Bregaard began directly filling his trash cans and dumping his waste into the bin, rather than continually relining his bins with large, black trash bags, saving him from buying around 500 kilos of plastic bags a year.
Along with his co-founders, Kristian Skaarup set out to create a sustainable urban farm that focuses on growing their own vegetables and sourcing what their farm cannot grow locally from Danish farmers and fishermen.
“It started with urban farming. I’m a landscape architect, and it was interesting for me to do a green space in the city,” Skaarup said. “The whole idea of having a restaurant came together with that, and then of course, it would have to be sustainable.”
One of their goals when creating their restaurant was to minimize food waste, so Skaarup created a system where visitors make reservations before they visit, so they can prepare just enough food each night they are open.
Since Øens Have tries to source their food on-site or through local Danish farmers, they have to be flexible with their menu, leaving their menu more susceptible to change throughout the year.
“I think you need to change your mindset of that you can’t have it all year round, it’s more of what’s available now and then you create a menu from that,” Skaarup said. “Here, it changes all the time.”
Sourcing through small local farmers also fluctuates the prices, and sometimes there is instability in the supply chain when buying locally.
Skaarup acknowledged that crop failures happen, but you just have to move on to the next farmer to meet the supply needed. Maintaining a sustainable restaurant can also be difficult in the winter months when one tries to source things locally.
“That’s where fermentation comes in, in the late season, where you prep for times where there isn’t that much to take from the ground,” Skaarap said.
Even though Skaarap’s goal is to source everything from Denmark, some plants are nearly impossible to grow in Denmark’s climate, leaving Skaarap to look elsewhere to source sustainable-grown ingredients.
“It’s not that I’m against getting almonds from the U.S. or lemons from Italy, it’s more that the things that we can grow on our own is more fun getting local,” Skaarap said.
Skaarap mentions that civilizations around the world have been trading with one another since ancient times, and he is not against getting products from other parts of the world.

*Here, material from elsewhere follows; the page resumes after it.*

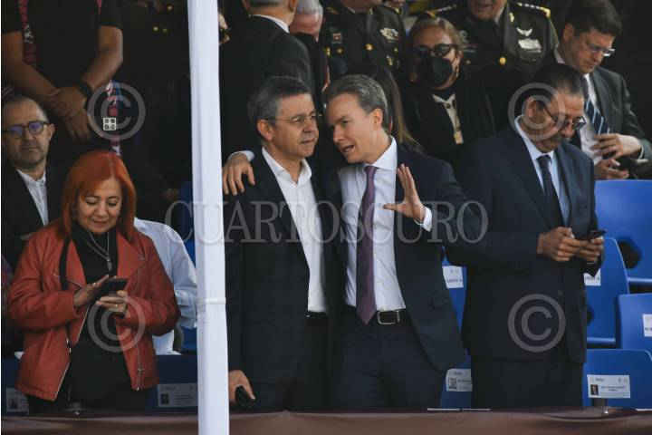 CIUDAD DE MÉXICO, 28FEBRERO2025.- César Yáñez, subsecretario de Gobernación, y Manuel Velasco, senador del PVEM, durante el Homenaje "Funerales de Estado en Conmemoración de los 500 años de la Ejecución de Cuauhtémoc", realizado en el zócalo capitalino. FOTO: MARIO JASSO/CUARTOSCURO.COM

Products that can be grown in Denmark should be sourced from Denmark, and then he can get the other products through trading.
According to the Danish Agriculture and Food Council, a study done in 2021 found that 65% of Danes acknowledged that they think “to a certain extent” or “to a great extent” about sustainability and food and drink.
“In the supermarket, I buy cheap stuff, but I also look to make sure is not too much packaging when buying fruits and vegetables,” said Marc Reinhard, a local eating at the Reffen food trucks in Copenhagen.
While eating his meal, Reinhard noticed the packaging that came with his food was made out of paper and not plastic, allowing him to feel better about his experience knowing that his waste was more organic than single-use plastic.
Derrick Freeman and his bandmates were visiting Denmark from the United States.
“Eating sustainability does make you feel better,” Freeman said. “I feel like in this part of the world, there is more of a standard than an anomaly like in our part of the world.”
According to Spoon Guru, 31% of Americans have adopted more sustainable food diets due to food waste.
Sustainable restaurants and urban farming are letting people return to agriculture and be more involved with their food.
“I see urban farming as an important contributor because it is a way of seeing and understanding how food is made,” Skaarap said. “We are not part of agriculture anymore as we used to be 50 years ago.”
Skaarap hopes that when people and restaurants start buying more locally, the supermarkets will follow and sell more local and sustainably-sourced products on their shelves.
“The real food is supposed to come from the rural landscape,” Skaarap said.
Ben McDaniel is a senior at the University of Georgia majoring in journalism and political science.